EDİP TÜFEKÇİ: Herhangi bir sosyal güvenliğim yok. Sağlık konusunda şu ana kadar tesadüfen bir sıkıntı yaşamadığım için bir zorluk yaşamadım. Ancak pandeminin halen devam ettiğini düşünürsek hastalanma riski devam etmekte olduğu için hem hastalığın kendisi hem de hasta olduğum durumda başıma nelerin gelebileceği konusunda endişeler taşımaktayım. Yapılabilecek bir şeyler varsa onların neler olduğunu da bilmiyorum, sürecin kendisi belirleyici olacak sanırım.

EVREN ERSAN: 1976 Nevşehir doğumluyum. Yaklaşık 25 yıldır tiyatro yapıyorum.

TÜYAD: Salgın dönemi boyunca bir tiyatro emekçisi olarak, işinizi yapmak, üretmek, yaratıcılık gibi başlıklarda sorun yaşadınız mı? Pandemi üretimlerinizi etkiledi mi? Psikolojik etkileri oldu mu?

EVREN ERSAN: Pandemi sürecinde çok az şey üretebildim. Bunun başlıca sebebi pandeminin ne zaman biteceğini bilemediğim için önümü görememekti. İçine girdiğimiz çıkmazdan ötürü genel bir isteksizlik başladı. Sonuçta tiyatro seyirciyle yapılan bir sanat. Resim müzik vs gibi kendi kabuğuma çekilip yapabileceğim bir iş değil.
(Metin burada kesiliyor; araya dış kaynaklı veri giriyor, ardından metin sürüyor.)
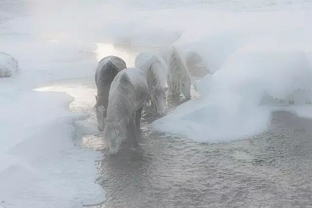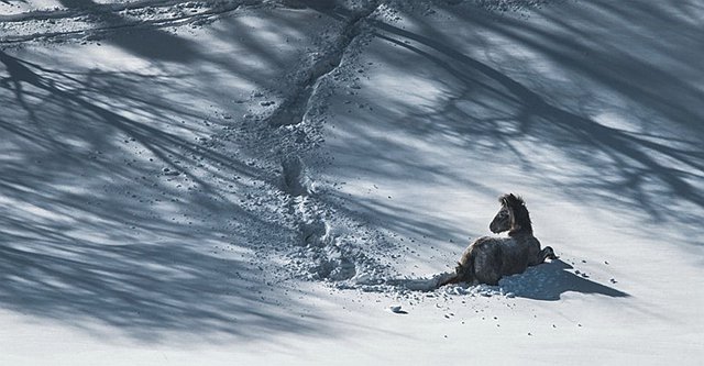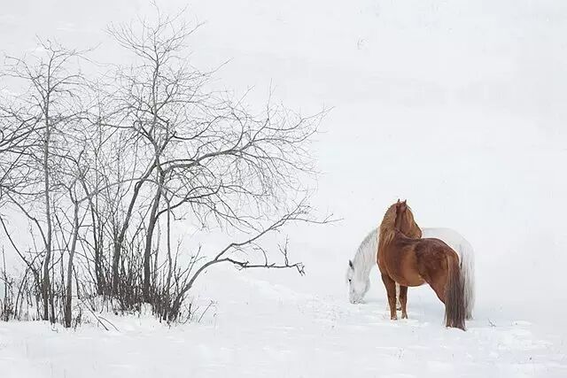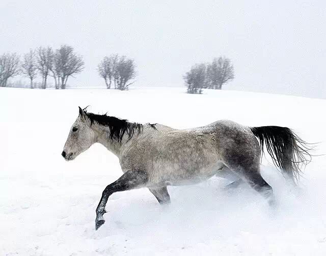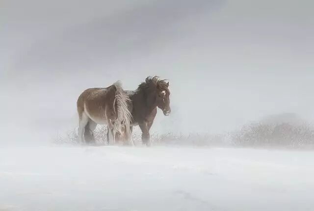 在雪中,马儿体验着自由的存在和生命对抗中的质感。

TÜYAD : Pandemi dönemi amiyane tabirle tiyatro emekçilerinin üzerinden silindir gibi geçti diyebiliriz. Bu sürecin tiyatro alanına ve emekçilerine ekonomik, sosyal, psikolojik etkileri oldu. Tüm bunları düşündüğünüzde geleceğe nasıl bakıyorsunuz? Siz bu süreçler karşısında işinizi sürdürmeyi düşünüyor musunuz?

TUĞBA BİRİNCİOĞLU: Bildiğimiz tanımların, alıştığımız biçimlerin deri değiştirdiğini gözlemliyorum. Gelecek için umutsuz sayılmam ancak mesleki haklar konusunda net cevaplar almadan ve pandemi boyunca ezberlediğimiz mesafe travmasını aşmadan yeniden sahnede olabileceğimi sanmıyorum.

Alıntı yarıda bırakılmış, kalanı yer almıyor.